Nursing assistants provide most of the direct care in a nursing home, bathing residents, feeding them if necessary, and taking their temperatures, and other vital signs. Registered nurses are typically in supervisory positions.

“It’s extremely hot. Just imagine having a gown over top of your clothes and then a mask and a face shield, or sometimes you might have goggles and sometimes your goggles fog up, because it’s so hot,” said Frazier, who has worked for 13 years off and on in the industry.

» FAQ: Your coronavirus questions, answered.

After eight years with her current employer, she earns $15.35 an hour, including the $1 an hour she gets for working from 11 p.m. to 7 a.m. That’s about average for the 39,970 nursing assistants in the Philadelphia region, according to the Bureau of Labor Statistics. About half of them likely work in nursing homes or other facilities for the elderly, if national averages hold.

Frazier said she never knows what to expect when she reports on a shift.

Is it the night she’ll have to do her best to take care of a floor of patients by herself because others called out sick? Will more of the patients she has taken care of for years have died since her last shift? Are more infected?
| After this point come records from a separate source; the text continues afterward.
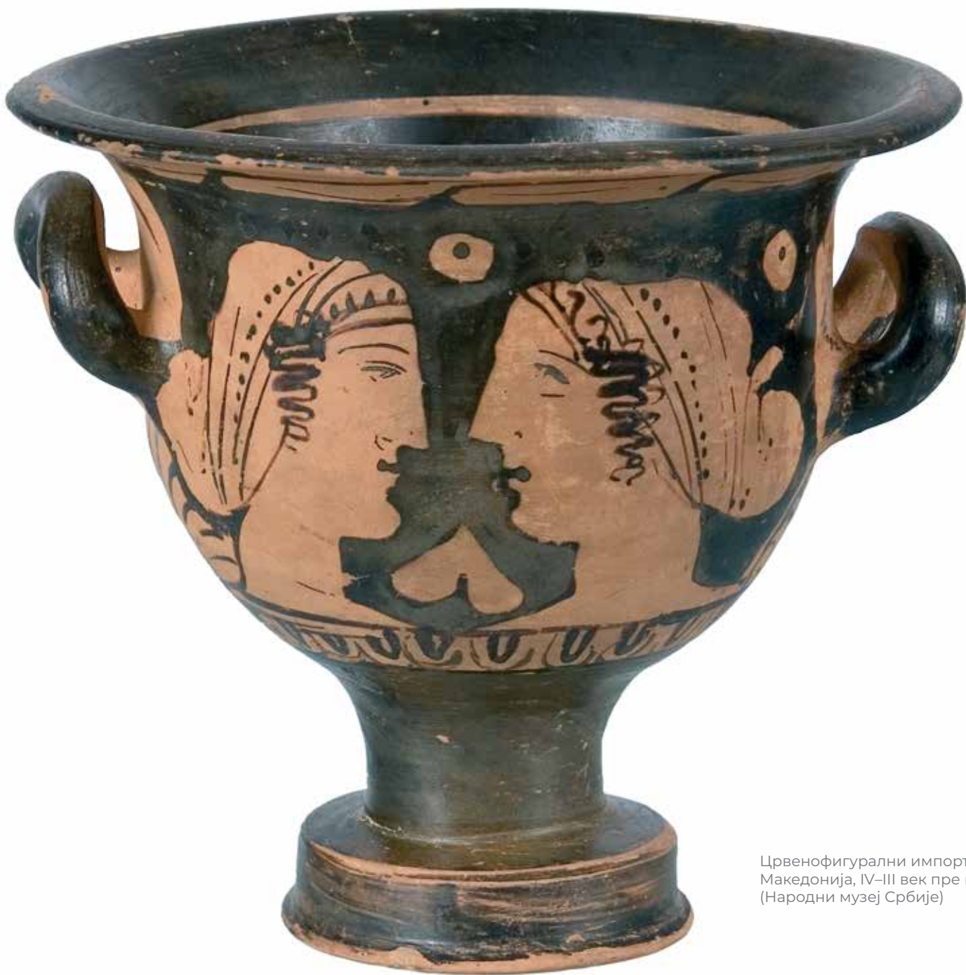
Црвенофигурални импортовани кратер, Македонија, IV–III век пре н. е. (Народни музеј Србије)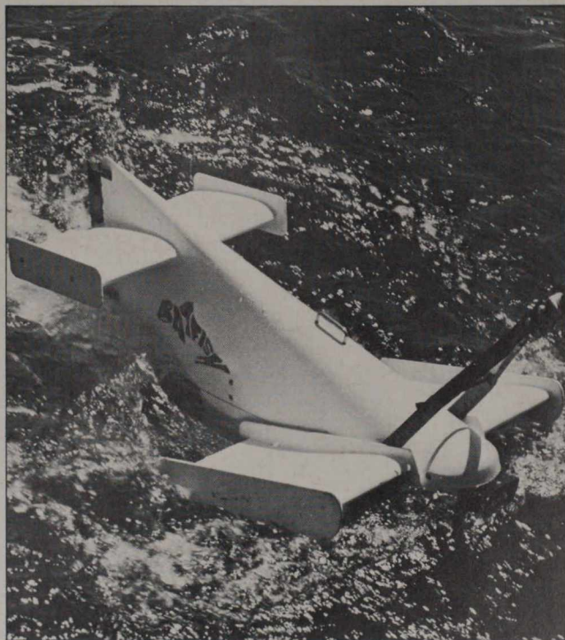
Le Batfish : avant la mise à l'eau et avant la plongée.

L e Batfish est un véhicule de recherche océanographique qui permet de mesurer en continu les données de base du milieu marin - la température de l'eau, sa teneur en sel ou en plancton, etc. - en fonction de la profondeur. C'est un engin sous-marin remorqué sur lequel est montée une batterie de capteurs spécialisés, par exemple une sonde STD, qui enregistre automatiquement la température, la pression et la conductivité électrique de l'eau à des profondeurs déterminées, un fluorimètre très sensible, qui donne la teneur en phytoplancton des couches supérieures de l'océan, un compteur de zooplancton. Le véhicule "vole" sous l'eau en suivant une trajectoire pré-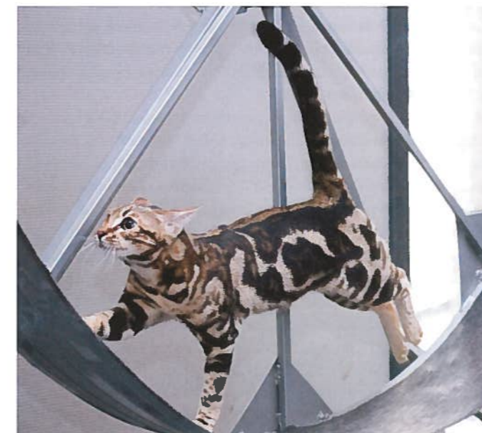
Juoksupyörä tarjoaa virikkeitä ja liikuntaa.

Kissalla on matala kynnyks vaania ja korkea kynnyks syödä.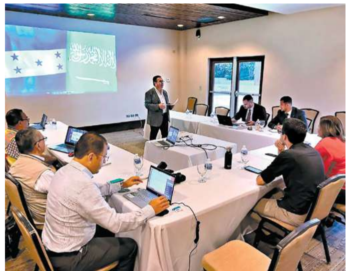
La presentación del croquis de la carretera con la firma consultora que la realizó, en un plazo de diez días para que los inversionistas árabes hagan su evaluación final.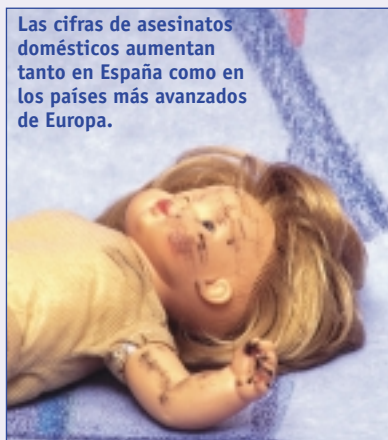
Las cifras de asesinatos domésticos aumentan tanto en España como en los países más avanzados de Europa.

El cambio es complicado porque “exige modificar mentalidades muy arraigadas”, recuerda Mercè Pigem (CIU). Esta diputada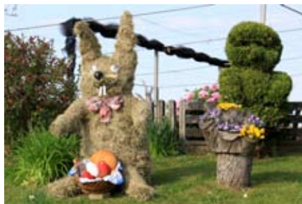
Velikonočni zajček iz slame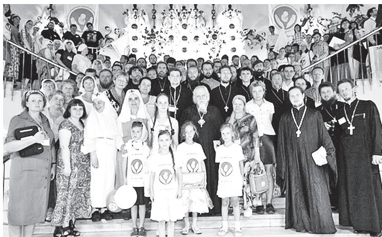
Участники международного фестиваля «За жизнь – 2011»

социальных служб в медицинских учреждениях, подготовка сеестер милосердия и добровольцев для сфер здравоохранения и социального обслуживания.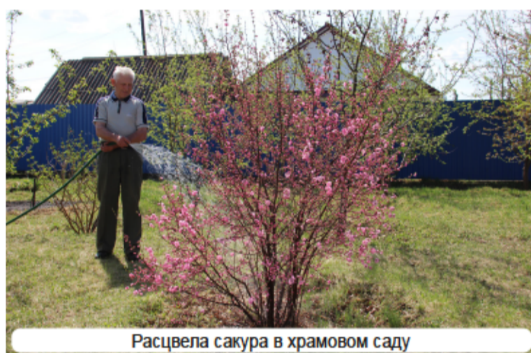
Расцвела сакура в храмовом саду

Органическое удобрение в виде свежего навоза можно вносить только на паровом поле или участке, при этом заделывать его в почву необходимо в течение полусуток, иначе весь имеющийся немногочисленный азот просто испарится в атмосферу – вонь будет стоять несусветная, а вот полезных питательных веществ расте-

Is this the day she’ll become infected?

Her floor used to have 45 residents, but that’s now down to 25 because so many have died or had to go to the hospital. When the floor was full, standard staffing called for three nursing assistants, so each was responsible for 15 residents. Because all of the remaining residents on the floor are COVID-positive, they still try to keep three nursing assistants per shift, Frazier said. “It’s like an ICU.

“The days are very uncertain. You know when you walk through the doors that you are putting yourself at risk,” said Frazier, who lives in the Overbrook section of Philadelphia and has two teenagers and a 7-month-old baby whom she fears infecting.

Frazier said she’s seen so many residents on her unit die, five on one day recently, that “we almost don’t have a unit anymore.” She worries that nursing homes such as hers might not survive the pandemic.

The personal side of the work is devastating, Frazier said.

“I cry. The residents we have on the floor, I’ve had them for years. We know the families and everything. They are our families. We spend a lot of time around them.”

It’s brutal “to see them wither away the way they have, to see them lose the weight, crying out for help, asking God to take them home.”